We have those now, they're called GPS systems (global positioning satellite). For about 500-600 dollars you can have one installed in your car with all the latest maps. It can even speak to you and tell you where to turn.
The GPS in the SUV my ex-boss rented for a business trip told us to head south on I-71 to get from Columbus, OH to Detroit, MI. On the way back from Detroit, it steered us wrong again (don't ask me why he followed it again), sending us on a route that may have been shorter in miles but took at least an hour longer than the usual route.

quote:
I'm not sure I understand your analogy about MapQuest and "Thomas Guide" (is that map?). Because if you can't read a map MapQuest doesn't really do you any good. If they are missing exits and not realizing it with MapQuest, then they're going to if they have a map also.

Gibbie

A Thomas Guide is a brand of detailed street atlas widely available on the west coast. As others have pointed out, it is quite easy to use MapQuest without knowing how to read a map. It's possible to print the directions without the maps, and I'm sure many people do so precisely because they can't read maps. Even if you have the printed map from MapQuest, it's a tiny piece of a much larger map, and may omit some important information.

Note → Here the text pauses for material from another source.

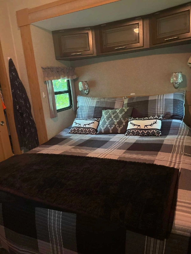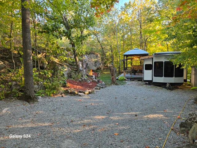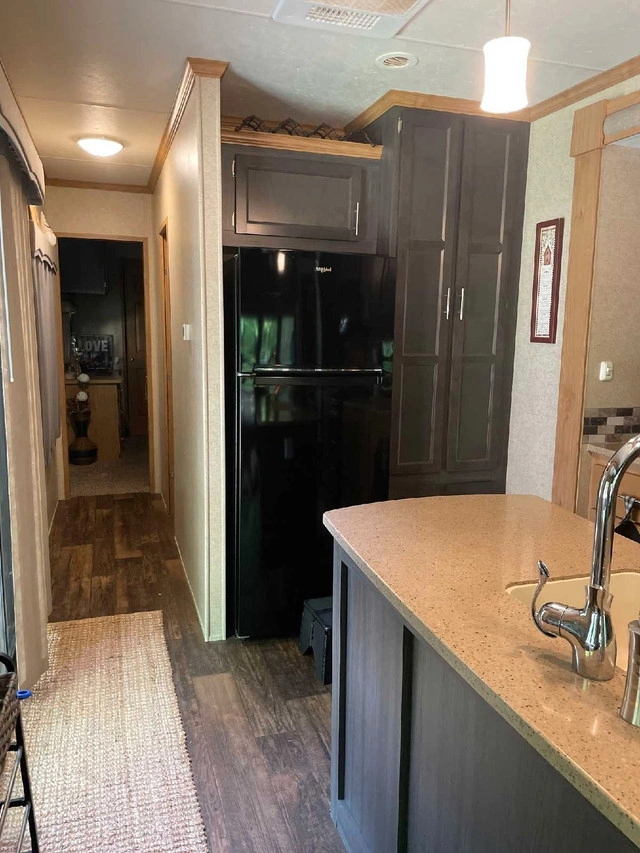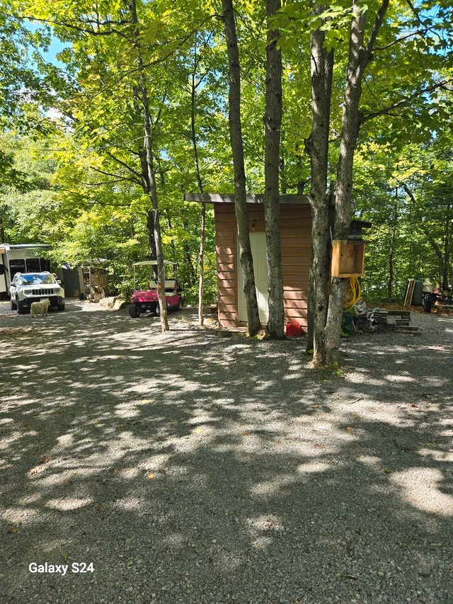 # 35 202 hidden Glen road 2019 Hy-Line 44 foot park model trailer with all the extra's Enjoy your morning coffee on your own spacious private site , watch the sun set over the water, or simply soak in the sights and sounds of nature all around you. Located in a highly sought-after park with gated entry with 104 sites. Situated a short distance from the park's marina, sandy swimming beach, pickle ball courts, volleyball, horseshoe pits, kids' playground, boat launch, many fun planned activities such as corn hole tournaments, live bands and dances with fellow camp members. Where else can you find direct waterfront access to Georgian Bay with a designated dock and boat slip in Muskoka at this price? Don't miss this opportunity - pack your suitcase and start making memories! Site 35 is considered one of the most private in the Park with its own private laneway. Tons of room for all your parking needs. Beautifully landscaped Canadian shield rock wall with custom built in fire pit. A 12x24 covered deck includes lighting and ceiling fan. Site also includes: Custom painted (Pink) gas powered Golf cart with rear flip seat 1st shed with full sized fridge and plenty of room to store all your outdoor games 2nd shed with work bench and shelving for all your tool storage Bunkie comes with a double and single bed, tons of windows for plenty of beautiful evening breezes for your guests, patio door allows for tons of extra light. Key features include opposing slides for spacious living, bay front windows for natural light, a one-piece fiberglass front, and construction with high-efficiency insulation for durability. This model is designed for three season use and offers residential comforts such as a ceiling fan, solid wood cabinet doors, and full sized appliances. Spacious and well-appointed 44-foot Park Model trailer with 3 slide-outs, offering a residential feel and plenty of comfort : Rear King Bedroom with double closet, ample storage, and under-bed compartment 3-Piece Bathroom with full-size shower, linen closet, and modern fixtures Front Living Room featuring 2 recliners, electric fireplace and entertainment center, and ceiling fan Open Kitchen/Dining Area with center island (double sink), and lots of counter/cabinet space, interior boasts deluxe crown molding, high-efficiency LED lighting, residential table and 2 chairs Electric or Propane Hot Water Heater & Gas Furnace The unit is built with a truss roof and 3/8" decking and floor ducted heating and air conditioning Construction features include an I-beam frame, spring axles, and a full underbelly wrap, ensuring a durable and long-lasting unit. Additional features: A detachable hitch, flush-floor push-outs, and a full underbelly wrap. *Seasonal May 1- October 31 *Designated dock and boat slip for a modest extra fee* Please contact for your personal viewing

MapQuest has provided a good friend with crappy directions for getting to my house. First, the directions provided the wrong way to get from her small rural town to I-270 around Columbus. Then the directions ignored the most obvious route to my house from the nearest main street, and instead took her 3/4 of the way around the block out of her way.

For the first 3 years I lived in my house, the MapQuest directions from my house to I-270 took me down a road that had been closed for several years. Had the road still existed, following the directions would have involved making a left turn onto a busy multi-lane state highway at an unsignaled intersection. There were at least two clear and obvious alternatives to that route, which I was able to find on my own because I have good sense of direction and can read a map.

MapQuest and Yahoo Maps are both notorious for sending people down roads that are inconvenient and even dangerous, especially in rural areas. I use MapQuest, but I would never rely on it -- or a GPS system -- entirely.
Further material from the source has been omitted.